2. Obey the law (law id society’s codification of right and wrong). This is required.
3. Be ethical (obligations to do what is right and fair. Avoid harm). This is expected
4. Be a good corporate citizen. This is desired.

4. Compare and contrast concepts such as triple bottom line and corporate philanthropy.
- The triple bottom line: is the pressure to act in a more socially responsible way has led many
businesses to focus on more than just profits and to adopt a broader view of business success. It
involves businesses evaluating success in terms of financial, environmental and social
performance. (people, planet and profits)

-Corporate philanthropy: is the effort to increase social responsibility as companies seeks to


improve the communities and societies in which they reside and operate.
5.Discuss the four steps of the ethical decision-making process.
- it is important to follow a deliberate and systematic process:

1. investigate the ethical issue: gather relevant information about the situation and use the
information to identify the issue. To explore ethics of a situation, different ethical
theories can be applied to allow for multiple viewpoints which is essential. There ate
generally 5 general approaches that can be used

2. Identify the primary stakeholders


- To understand those who could be affected by your decision.
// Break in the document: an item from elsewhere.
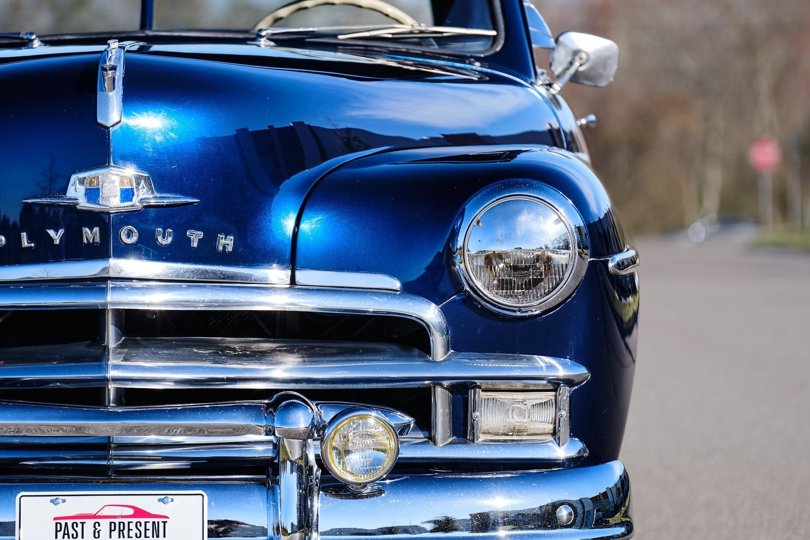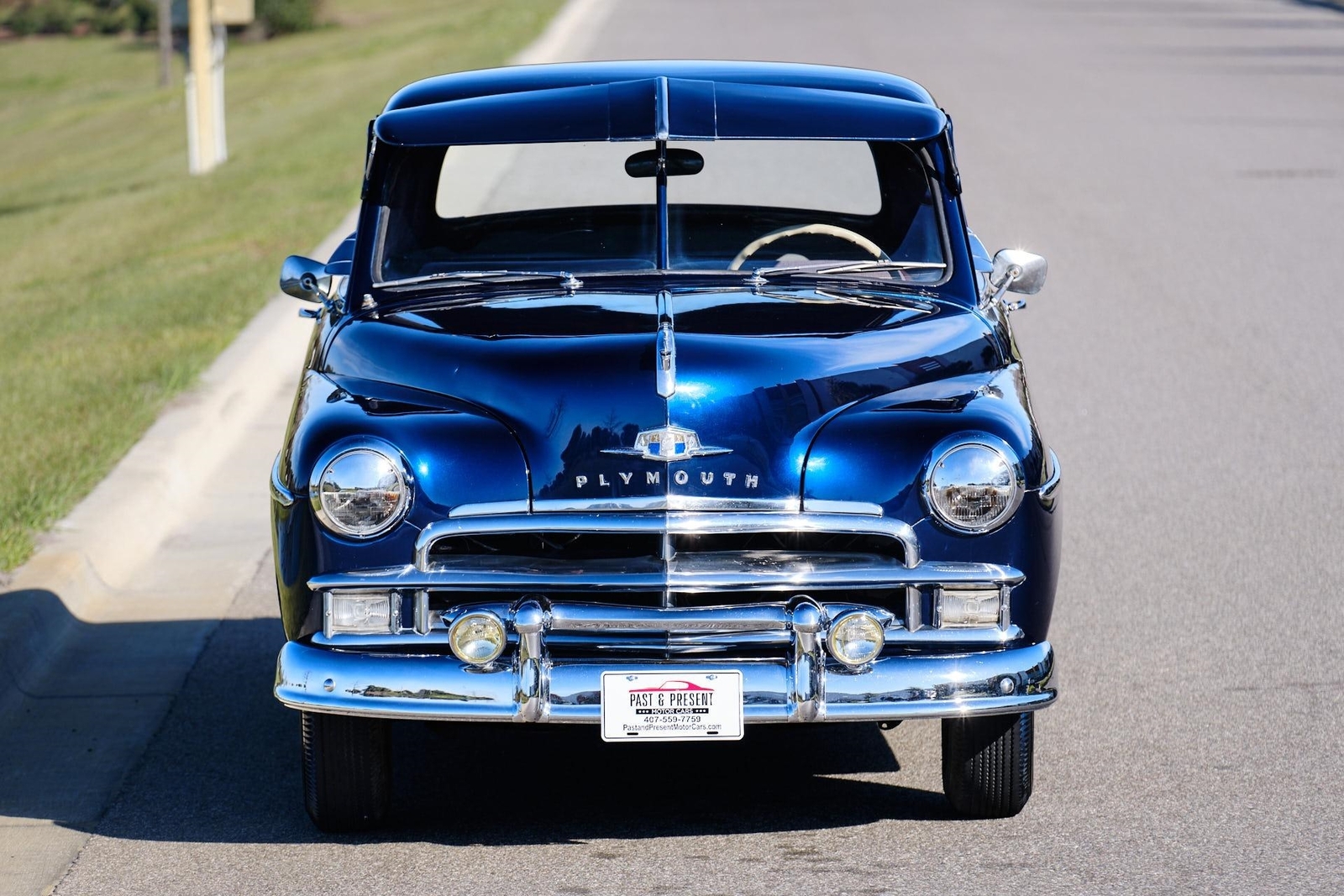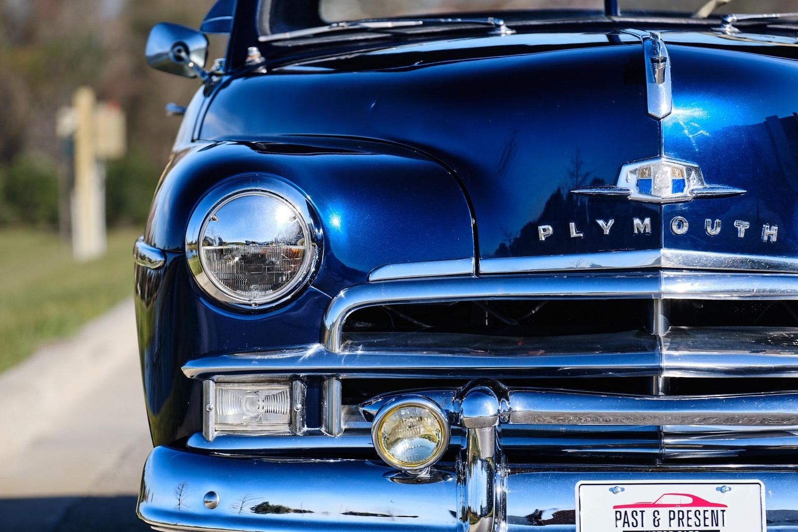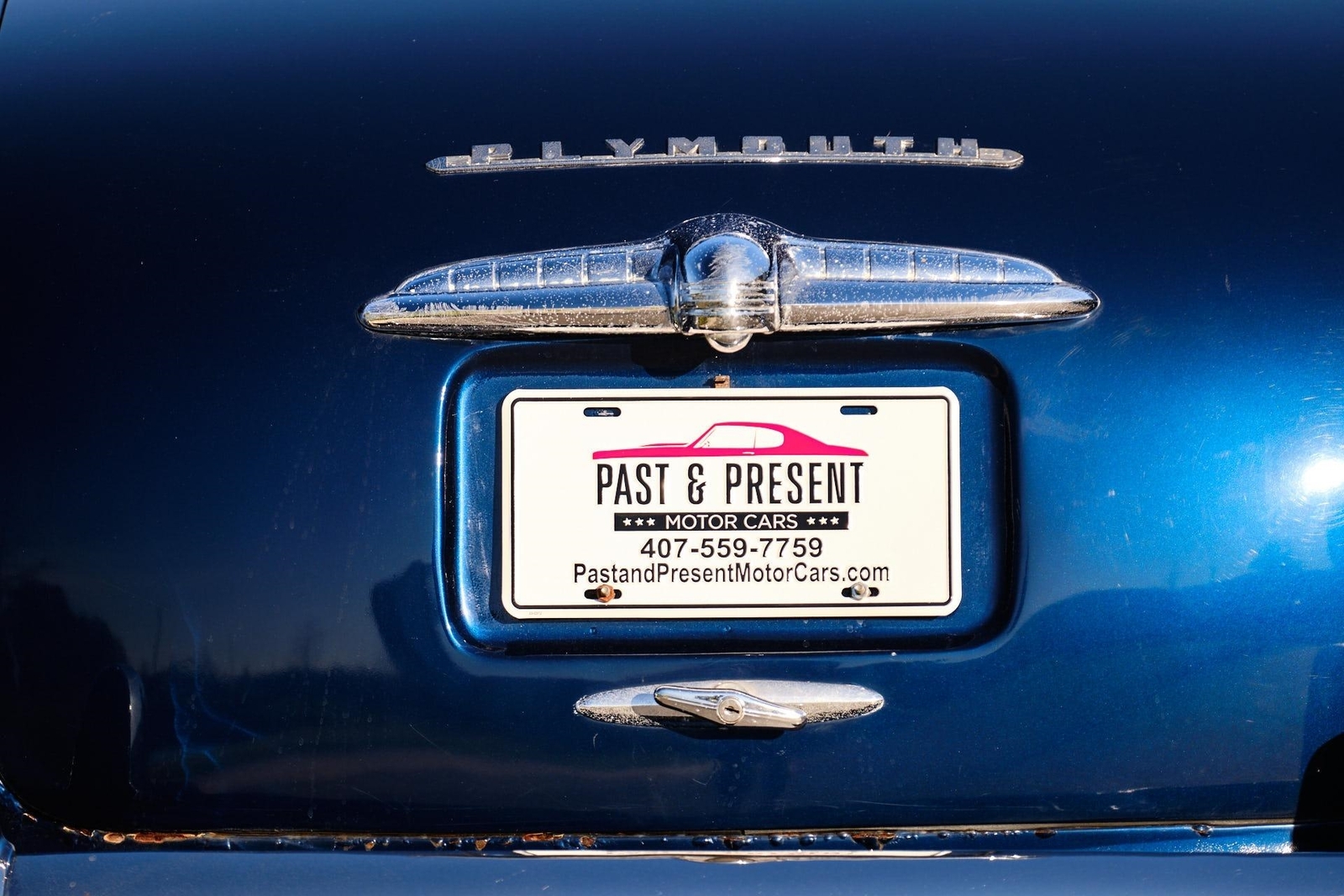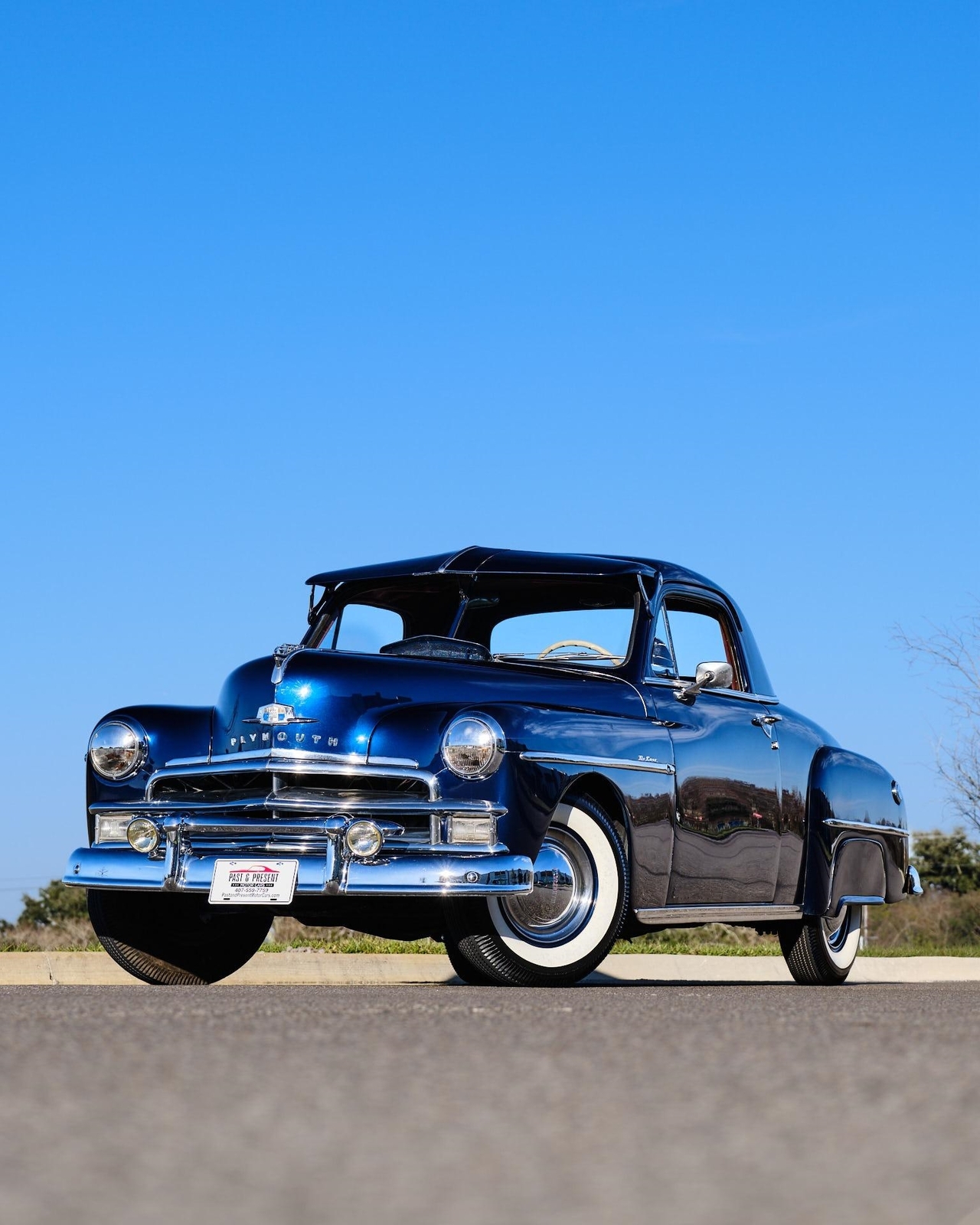 1950 Plymouth Business Coupe, The Plymouth P20 platform was introduced for the 1950 model year. The business coupe was a trim level, powered by an Inline 6 engine L-Head. Displacement: 217.8 cu in. 3.6 L. Power: 97 HP @ 3600 RPM. Bore: 3.3 inch. Stroke: 4.4 in Compression: 7.0:1 Main Bearings: 4 Cylinder Block: Cast-iron, Factory carburetor was a Carter BB-D6H1 1-barrel carburetor. Very original engine & parts including oil bath air cleaner. 3 speed manual transmission. Paint and body - older paint job which is actually 1949 New Brunswick Blue code 606 with a handful of metallic thrown in to give her a nice glow. Very good condition wide mouth 3 horizontal piece chrome grill with running lights tastefully placed. Straight lines, great gaps, Correct trim pieces and emblems. Split front windshield, dual wipers. Exterior Sun visor across the top of the front windshield, is not only functional, but creates an iconic antique look. Fender skirts, nice stainless steel rocker panels, both front and rear bumpers have chrome bumper guards. Interior - absolutely stunning real wood grain gauge cluster and dash. Burgundy and Gray two-tone seats and door panels. Carpeting and headliner are in very good condition. All the interior knobs crank handles, etc. are in good condition. Beautiful large three spoke Ebony, steering wheel with woodgrain surround around the horn button with the Plymouth logo. Factory original chrome push button AM radio. Factory original clock. Functional placement of the interior controls plus a very plush luxury looking interior. Steel rims are painted to match the color of the car. Beautiful chrome, beauty ring. “Moon” hub caps. Wide white wall radial tires. The spare is a matching wheel and tire to the four wheels on the car. No driving around with a strange looking doughnut spare for a flat repair. While we do our best to provide the highest quality muscle cars with an honest and reliable description and realize the importance of transparency when selling vehicles. That being said, we have not built, modified, changed or personally owned this vehicle. Whether this vehicle is consigned or owned by Past & Present Motor Cars we do not know the vehicles complete history since new. We want to be clear and try to answer any questions our customers might have prior to purchasing. Additionally, we not only welcome but we encourage 3rd party independent inspections. Please inquire prior to purchase to make sure the advertised vehicle has not already been sold. We list our vehicles on multiple websites and a vehicle can sell at any time. If a customer chooses to purchase sight unseen (many of our customers choose this option) the customer accepts the vehicle AS IS and WHERE IS and understands we cannot address concerns after purchase. For this reason, it's important all concerns are addressed prior to purchase. We make every effort to present accurate and reliable information, but use of this information is voluntary, and should only be deemed reliable after an independent review of its accuracy, completeness, and timeliness. It is the sole responsibility of the customer to verify the existence of options, accessories and the vehicle condition before time of sale. Financing is Available with low rates and Vehicle Shipping is available from our Showroom to your Garage. A Classic Car Warranty is Available for Purchase from a 3rd Party. Please speak to our Sales Associate or Company Representative for more information. Our team is working and available anytime by Phone or Text for your convenience at407-559-7759. Thank you for your interest!

You much allow for
different perspectives of each stakeholder.

3. Increase the number of alternative courses of action


- Expand the solution set to 3 or more alternatives.
- Is important to think creatively and generate as many courses of action as possible

4. Inspect the consequences of the alternative


- These steps encourage discussions and may uncover different viewpoints to allow for a
fair evaluation.

6.Describe the five major approaches (theories) of business ethics.


- Utilitarian: assesses possible action in terms of its consequences. The goal is to achieve
the greatest good for the greatest number while also creating the least amount of harm.
Might rely on a statistical analysis of probable outcomes.
- Individual Rights: to avoid actions that infringe on the rights of others. This focuses on
respect for human dignity (eg) right to privacy
- Fairness: to treat everyone equally; if there is unequal treatment it must have a just
cause (fair reason)
- Common good: to ensure and enhance benefits of an action for society as a whole. Ask
whether an action benefits a specific element of the common good for the entire
system.
- Virtue: is a given action reflective of the kind of person we are or want to be.